"When you're up to your ass in alligators, it's hard to remember your
initial objective was to drain the swamp."
...
"Insanity is doing the same thing over and over again and expecting
different results."
... Rita Mae Brown (widely attributed erroneously to Professor
Albert Einstein)
This essay,
What's Your Position On Immigration?,
is the sequel to
Thank You For Voting.
Hmmm ... let's see ... where do we even
begin?
We (all of us, everyone everywhere on
the planet)
live unknowingly and unwittingly in
a paradigm
in which evil flourishes. And in this conversation, what I'm implying
by "evil" is "live" spelled backwards. Evil-ness is simply
the antithesis of (indeed the absence of, the hiding of,
the darkening of) live-ness. To have live-ness is not merely to exist
living and breathing. It's living and breathing with alacrity.
And living in
a paradigm
of the absence of live-ness, is the default for humanity. Our rampant,
ongoing folly is to continue to
empower
the evil and remain obsessed with it and on retributing for it and on
blaming for it, while having no mind nor taste for or even much
interest
in
the paradigm
itself in which the evil shows up.
When we vote (which in these United States may translate simply to
holding more boisterous
opinions
than the other guys) we tout the issues on which we vote to be those
which will
make a difference
for all of us, if and when enacted. By voting, we express what our
positions are, on (say) immigration. We're offered a chance to select
from a smorgasbord of issues on a menu that's narrow, limited, and
politicized. In theory it's a great system - except in practice the
issues we vote on (no matter if you vote with the "us" side or the
"them" side) rarely touch on anything likely to
make a lasting difference
for everyone.
The paradigm
ie
the context
in which we vote, is overlooked. Watch: it's the
context that's decisive
(which is a page
straight
out of "Transformation 101").
Here's what's really weird about all this: we vote, and yet we
already know how this is all going to turn out. Yes we do!

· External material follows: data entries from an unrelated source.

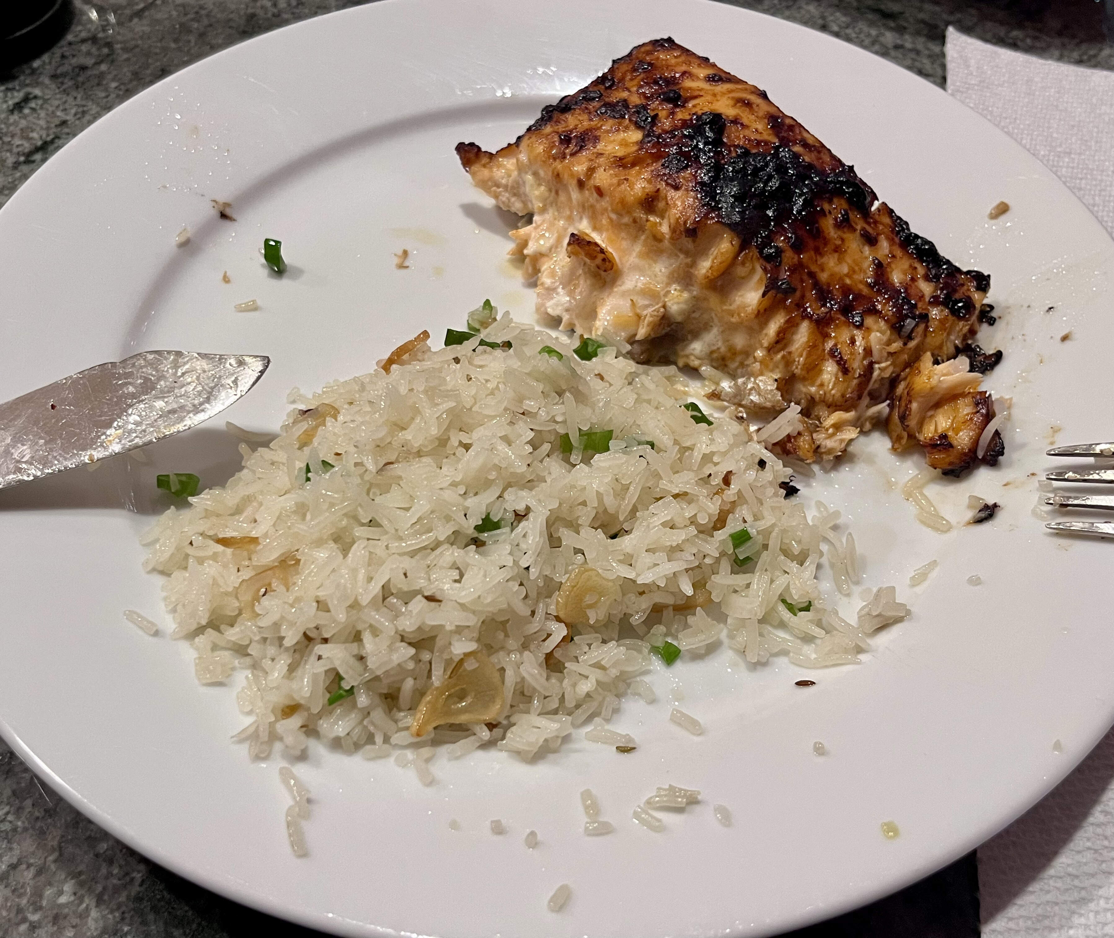 Popped it in the AF for less than 10 min at 400˚F until med-well. Strangely enough, the slathering seemed to entirely disappear during the AF process. All we could taste was the salmon, and since my PIC’s not the biggest fan I’d hoped this combo would make it more palatable for him. I’d only ever made this sauce for dippin’ roti chicken in it. Oh, well.
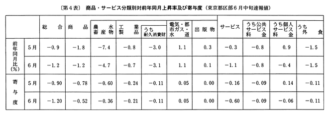 家賃(一・七%下落)、生鮮果物(一六・九%下落)、外食(一・五%下落)、教養娯楽サービス(一・七%下落)
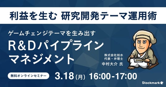 最先端の自然言語処理AIを活用した情報収集サービス『Anews・Astrategy』を提供するストックマーク株式会社(以下、「当社」)はオンラインセミナー『ゲームチェンジテーマを生み出すR&Dパイプラインマネジメント』を3月18日(月) に開催致します。▼オンラインセミナーの詳細と視聴登録はこちら▼
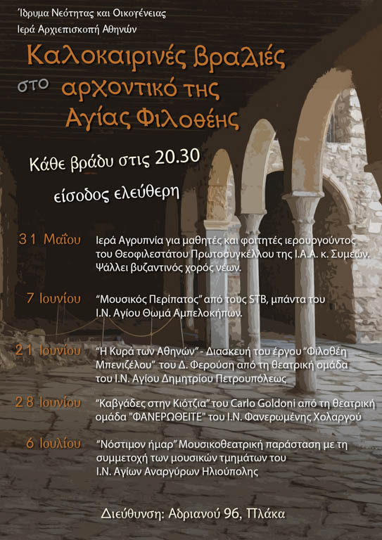 Εκδηλώσεις πολιτισμού από νέους των ενοριών της Ι. Αρχιεπισκοπής πραγματοποιούνται στη διάρκεια του καλοκαιριού στο Αρχοντικό της Αγίας Φιλοθέης (Αδριανού 96, Πλάκα), με συντονισμό από το Ίδρυμα Νεότητος και Οικογένειας της Ιεράς Αρχιεπισκοπής Αθηνών.

Let me spell it out for you:
in the beginning,
we'll enthusiastically vote on and support the new guys and the issues
they stand for. But very soon we'll go luke-warm on them as they fail
to deliver on their promises (and we all know they invariably will).
And then we'll vote them out, looking to voting in the next new guys to
do what we believe
makes a difference
- yet never does, never has, and never will. Rinse. And Repeat. We're
like lemmings in this way. It doesn't occur to us that it's the same
cliff we go over each time. Here's
the inconvenient truth:
what
makes a difference
isn't found in the domain of voting. If you don't bring the difference
with you to the domain of voting, then voting won't
make a difference
(any difference it seems to make is illusory, short-lived - and let's
face it, a waste of time).
In case you're wondering where I'm going with this, here's where: the
issues we traditionally vote on are those which threaten
us ie those which we're in survival about. It begs
the question:
what if we were to ask more pointed,
powerfulquestions
designed to tease out our mettle rather than our survival? Instead of
"What's your position on immigration?", how about "What's your position
on
integrity?";
how about "What's your position on
trust?";
how about "What's your position on
honoring your
word?",
then voting on those qualities instead as filters to screen and steer
the direction we'll go next as a species?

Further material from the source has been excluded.